Just two days after the U.S. ended its 20-year war in Afghanistan, more than a dozen Democrats with strong ties to the military establishment defied President Joe Biden and voted to add nearly $24 billion to the defense budget for fiscal year 2022.
On Wednesday, 14 Democrats joined 28 Republicans on the House Armed Services Committee to adopt an amendment from Rep. Mike Rogers, R-Ala., to the fiscal year 2022 defense authorization bill that would boost Biden’s $715 billion spending proposal to $738.9 billion. The move follows the Senate Armed Services Committee’s vote to similarly raise the top line to more than $740 billion in its July markup of the bill.
The 14 House Democrats to support the defense spending were Reps. Jim Langevin of Rhode Island; Joe Courtney of Connecticut; Jared Golden of Maine; Elaine Luria of Virginia; Mikie Sherrill of New Jersey; Stephanie Murphy of Florida; Anthony Brown of Maryland; Filemon Vela of Texas; Seth Moulton of Massachusetts; Salud Carbajal of California; Elissa Slotkin of Michigan; Kai Kahele of Hawaii; Marc Veasey of Texas; and Steven Horsford of Nevada.
The decision by these lawmakers to approve the higher budget is not necessarily shocking in a political environment in which the military’s leaders demand an annual budget growth of 3 to 5 percent above inflation. Biden’s $715 billion proposal was a 1.5 percent nonadjusted increase above this year’s spending level.

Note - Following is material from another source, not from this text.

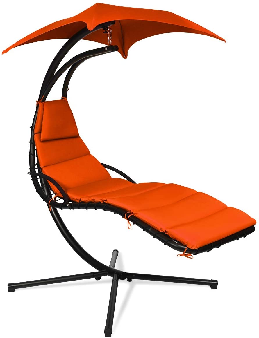 Hanging Chaise Lounge, Arc Stand Floating Hammock Swing Chair w/ Canopy and Built-in Pillow
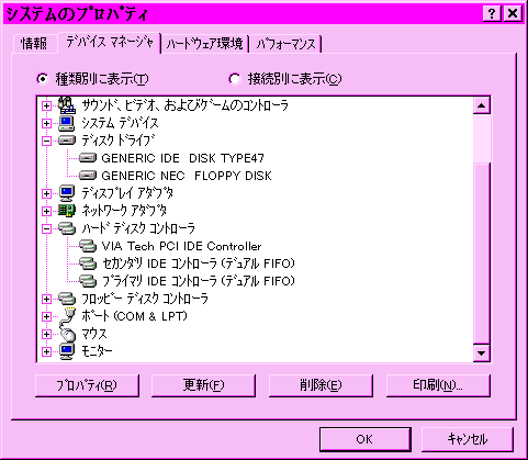 やはりAOchip.exeのあったページに「VIA Bus Master (Ultra DMA) PCI IDE Driver for Windows95/NT」というのがあったのでダウンロードしてくる。如何にもそれといった名称である。早速インストールしてみる。ふんふん確かにデバイスマネージャの記述は変わり、まさしくUltra-DMAになったという感じだ。

One congressional staffer, who was not permitted to speak on the record, said in an email, “many Dems, especially when serving [on the House Armed Services Committee] are reluctant to look ‘soft on defense’ by opposing increases to the defense budget, so in some ways it’s surprising the majority of Dems still voted against the topline increase.” (Seventeen Democrats voted against Rogers’s amendment, not enough to prevent its inclusion in the bill.)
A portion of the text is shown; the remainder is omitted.